There are numerous references to this epic journey of discovery in later works, but there is no scientific agreement on the details of Pytheas’ tour of Britain.
Nonetheless, because of his incredible tour of discovery around the isle, Pytheas is responsible for the first known written mention of the word ”Britain.”

In his work ”Periplus,” (Greek for circumnavigation) and as it is quoted in Strabo’s Geographica, Pliny’s Natural History and Diodorus of Sicily’s Bibliotheca historica, Pytheas uses the epithet ”Bretannike” (Βρεταννική), which is Greek for ”Britannic.”

Etymologically, the term actually isn’t Greek; it is a Greek transliteration of what some of the Celts who lived on the island at the time calling their land: ”Ynys Prydein,” most likely from the Welsh for ”the island of Britain.”

This is believed to be a proof that Pytheas stayed on the island and interacted with the Welsh and Britannic peoples who lived in the western and southern parts of Britain, rather than with the inhabitants of the more northern areas, where the Irish and Scots tribes lived.

Pytheas also referred to the ”Three corners of Britain”: Kantion, Belerion (Belerium) and Orkas.

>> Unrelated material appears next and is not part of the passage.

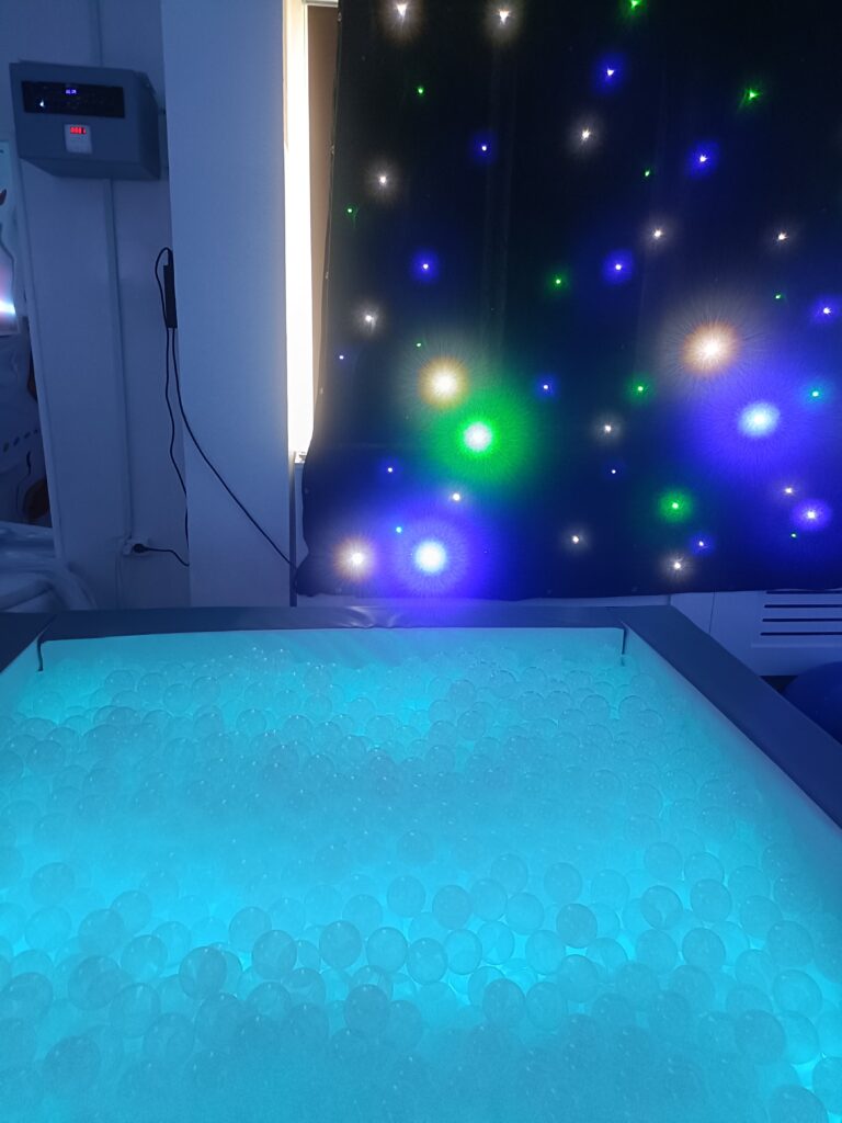 Este un spațiu terapeutic dedicat stimulării controlate a simțurilor – văz, auz, atingere, miros și echilibru – prin joc, lumină, sunet și texturi. Copiii cu tulburări neurologice, precum autismul sau ADHD, beneficiază de astfel de medii pentru a-și regla comportamentele, a-și dezvolta atenția, coordonarea și capacitatea de adaptare la mediul înconjurător.
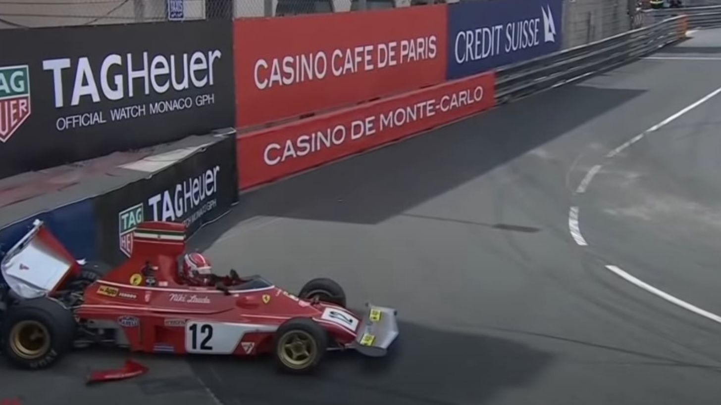 El impacto de Charles Leclerc en el Histórico Gran Premio de Mónaco no pasó a mayores, aunque el 312B3 sí presentó daños considerables para la parte trasera.

Kantion is what is now known as Kent, the English county in the extreme southeast of Britain.
Scientists believe that Belerion was Cornwall, since Pytheas mentioned its triangular perimeter, according to Diodorus.
And Orkas, according to most researchers, must have been the Orkney islands, north of Scotland.

Thule

Pytheas, however, did not stop his voyage of discovery in Britain. The seemingly fearless explorer wanted to go even further.
Later works quote him as saying that he even reached the island of Thule.
This, according to Pytheas, was six days’ sail from the northernmost corner of Britain.
Scholars have never agreed on the exact location of this place, but the two most popular theories are that what he termed Thule was either Iceland or the western coast of Norway.

Pytheas’ Legacy

Statue of Pytheas outside the Palais de la Bourse, Marseille Pytheas might not even have been the first continental European to arrive on the shores of Britain and Iceland.

However, he was the first Mediterranean explorer to meticulously explore and describe what he saw in Britain, and the rest of the northern shores of Europe, including islands and the mainland itself.

His observations on the way of life of the tribes who lived in these places offered invaluable information to ancient scholars, who used his work as the foundation for their own books.

Pytheas’ scientific talents also made possible one of the first accurate long-distance measurements in the entire world.

For example, he not only successfully estimated that Britain’s circumference is approximately 4,000 miles (6,500 km) but he also managed to measure the distance from the northern reaches of Scotland all the way south to his hometown of Massalia.

The geographer accomplished this by means of measuring how far he had traveled in one day and keeping a count of exactly how long it had taken him to reach his objective.

His estimate, of approximately 1,050 miles (1,690 km) is simply staggering, since the distance between the northernmost corner of Britain to today’s city of Marseille is exactly 1,120 miles (1,800 km).